Methodology tracks neuron paths, gene expression concurrently | Spectrum

Mapping of neurons: BARseq2 can track neuronal pathways and at the same time measure gene expression within cells. In this mouse brain slice, each point represents the location of a unique mRNA molecule and each color represents a different gene.

Courtesy of Xiaoyin Chen

A new method can map the pathways of thousands of neurons in mice while quantifying the expression of dozens of genes in these cells.

The technique, called BARseq2 and described in Nature Neuroscience in May, could help researchers create a large-scale map of the neuronal circuits relevant to autism in mice, including at different stages of development, according to study researcher Xiaoyin Chen, a postdoctoral fellow in Anthony Zador’s lab at Cold Spring Harbor Laboratory in New York. Chen will join the Allen Institute in Seattle, Washington, in August.
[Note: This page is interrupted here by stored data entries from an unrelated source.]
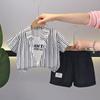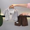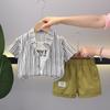 Traje de verano para niño 2024 nuevo estilo camisa estilo occidental bebé niños verano manga corta cárdigan dos piezas moda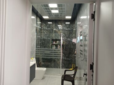 - Geniş duş zonası: şəffaf temperli şüşədən sürgülü qapılar, zolaqlı matlaşdırma ilə.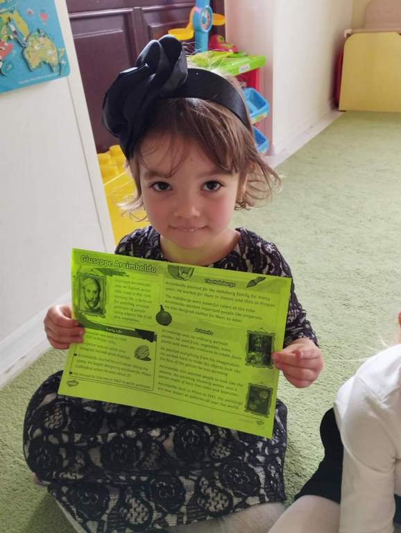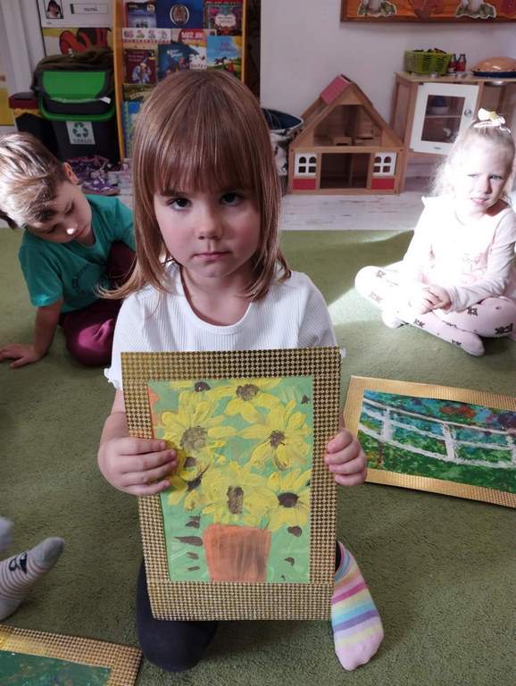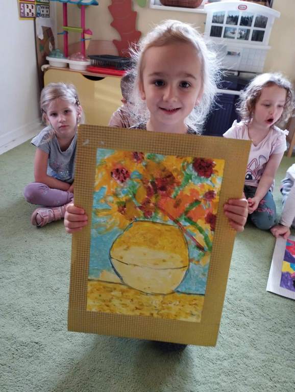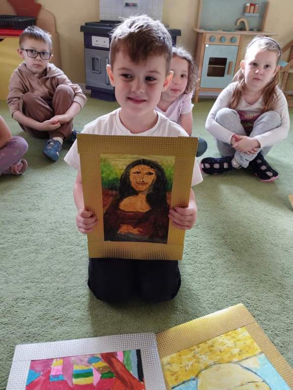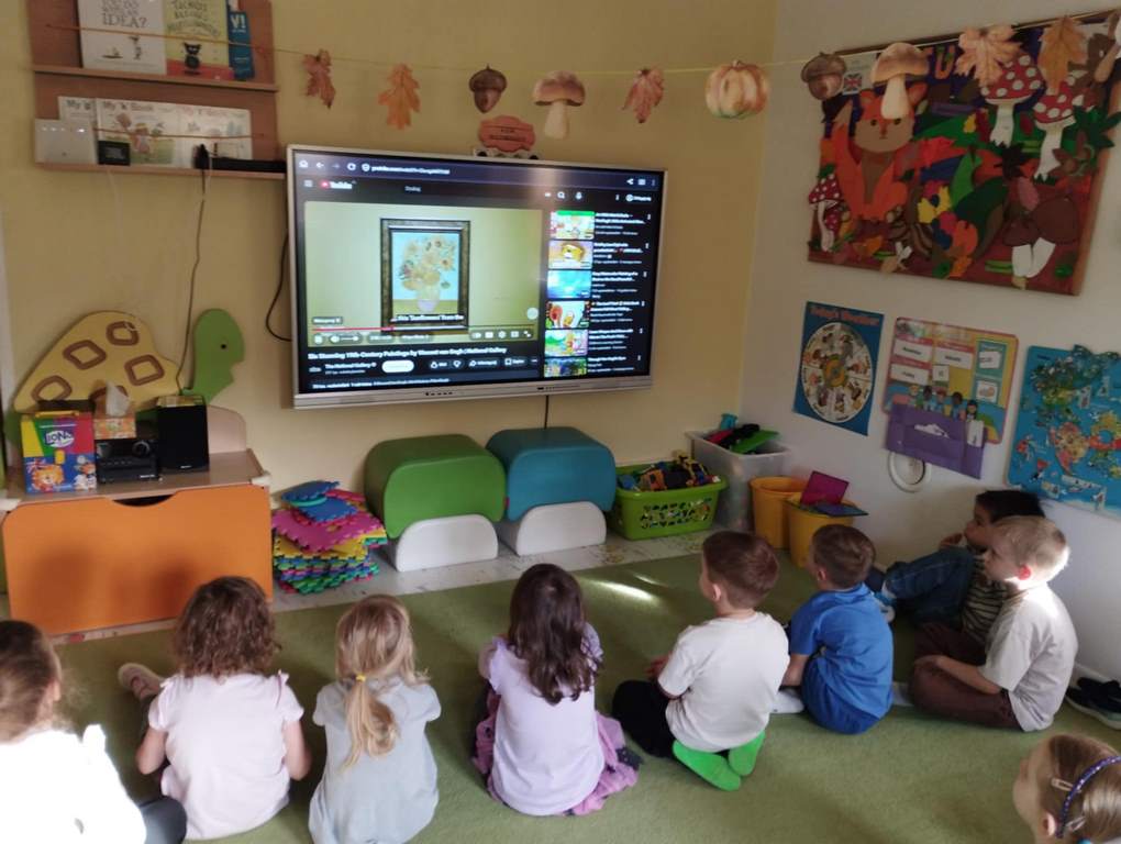 Kolejny tydzień listopada na zajęciach z języka angielskiego w grupie Tygrysków był tygodniem artystów malarzy. Z tej okazji wybraliśmy się do wirtualnej galerii sztuki i poznaliśmy nazwiska oraz dzieła słynnych malarzy, takich jak : Arcimboldo, Van Gogh, da Vinci, Monet i Picasso, po czym dzieci stworzyły swoje własne dzieła.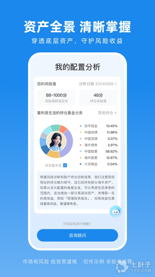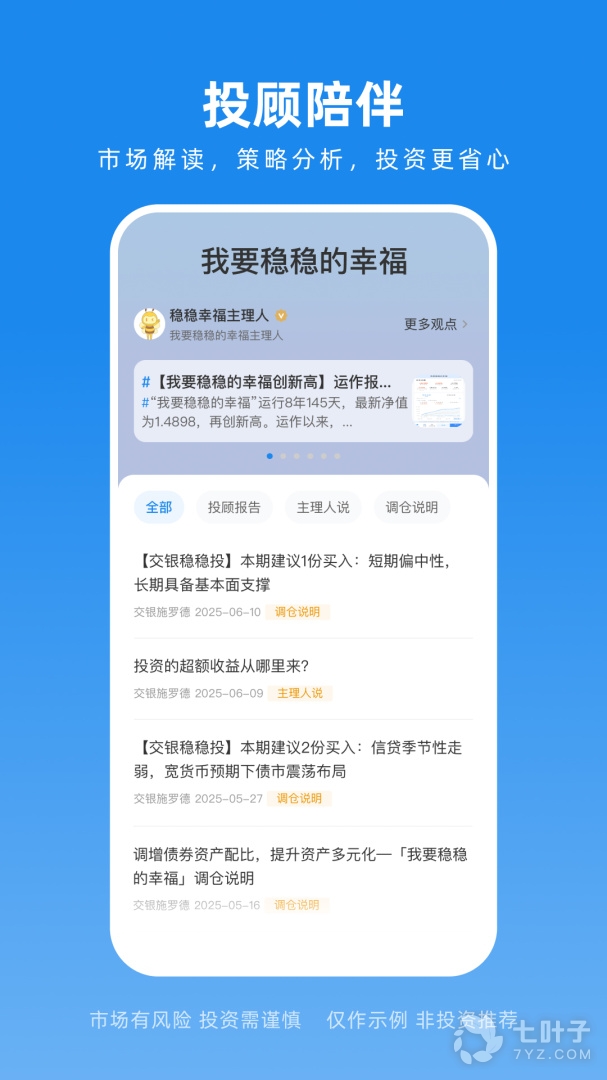 投资理财顾问全程陪伴,在用户情绪焦虑或者亢奋的时候,给予正确的指导,避免用户受情绪影响做出各种不理智的操作而遭受投资损失,帮助用户走过市场的高峰和低谷,与时间为伴,积累⻓期财富。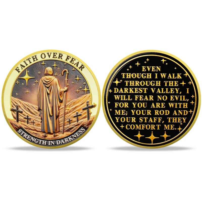 ACGZQY Faith in Darkness Coin - Christian Challenge Coin - Jesus Psalm 23:4 Inspirational Religious Token Spiritual Growth Motivational Christian Gift

BARseq2 extends the team’s original BARseq method that they reported on in 2019. This version maps neural projections – or where the axon of each neuron crosses the brain – and could measure the level of expression of up to three genes in those cells.
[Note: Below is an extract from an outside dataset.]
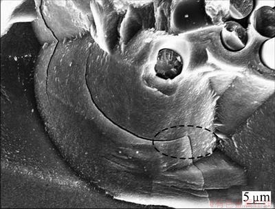 After heat-treatment, the apparent layer stack height Lc increases, the interlayer spacing d002 value decreases, the graphitization degree of pyrocarbon increases (Fig. 10), and the residual stress generated during chemical vapor infiltration can be released [20]. From Fig. 8(b), it can be found that the inter-laminar micro-crack in SL pyrocarbon matrix after heat treatment is more (white arrows) compared to the deposited state, involving numerous tiny wrinkled layered structures. It indicates that more crack deflections can occur and more fracture energy will be released by those interlaminar micro-cracks, which is similar to the fracture mechanism of the deposited sample. Besides, the increasing inter-laminar micro-crack can also make the sliding among layers easier under loading. All of these contribute to the fracture toughness of the composites, although the composite strength decreases. As a result, the uneven surface morphology and a lot of pulled-out fibers on the composite fracture after three-point bending test (Fig. 9(b)) are corresponding to the pseudo-plastic characteristic. Figure 11 shows the SEM morphology of the fiber-matrix in the composites after heat-treatment. It is clear that the crack is firstly formed in the matrix near the fiber, which results from the mismatch of thermal expansion coefficient between the fiber and matrix, and the interface bonding between the fiber and matrix is weakened. As the load rises, the cracks will be deflected layer by layer along these inter-laminar micro-cracks (dashed line ellipse in Fig. 11).

For BARseq2, the researchers first have to create a set of short strands of DNA with random sequences and convert them into RNA. They then package each RNA sequence in a Sindbis virus, an alphavirus that was first isolated in Egypt in 1952. Each modified virus infects a neuron in the animal and delivers its RNA load, giving each cell a unique molecular barcode.

“As soon as the barcode infects a neuron, it begins to replicate and makes millions of copies,” says Chen. “The barcodes are transported to the axons, so you essentially fill the entire neuron and all axons and dendrites with that particular barcode.”
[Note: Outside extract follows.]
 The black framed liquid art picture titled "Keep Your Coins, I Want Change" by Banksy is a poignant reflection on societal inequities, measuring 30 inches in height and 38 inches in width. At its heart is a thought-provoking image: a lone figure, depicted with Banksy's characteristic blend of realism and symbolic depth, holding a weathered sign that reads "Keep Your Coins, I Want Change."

The next day, researchers use chemicals to fix the RNA molecules in brain slices. Then they artificially duplicate the barcode in each neuron to create more easily recognizable clusters. The sequencing of the RNA in the clusters shows the barcode present in each neuron. To demonstrate the technique, Chen and his colleagues created tens of millions of RNA barcodes and injected them into individual mice.

Points count:

Using a similar approach, researchers can measure the expression levels of dozen of different genes in neurons. They wash the brain slices of the mice with a short DNA sequence – a so-called primer – that binds to RNA copies of the gene of interest. They then convert the target RNAs into DNA and sequence them within the brain slices. Each RNA molecule forms a fluorescent spot; the number of spots reflects the level of expression of the gene in the cell.

Researchers can reassemble the brain slices on the computer to create a 3D map of the brain in which the barcode sequences intertwine and show where neurons are projecting.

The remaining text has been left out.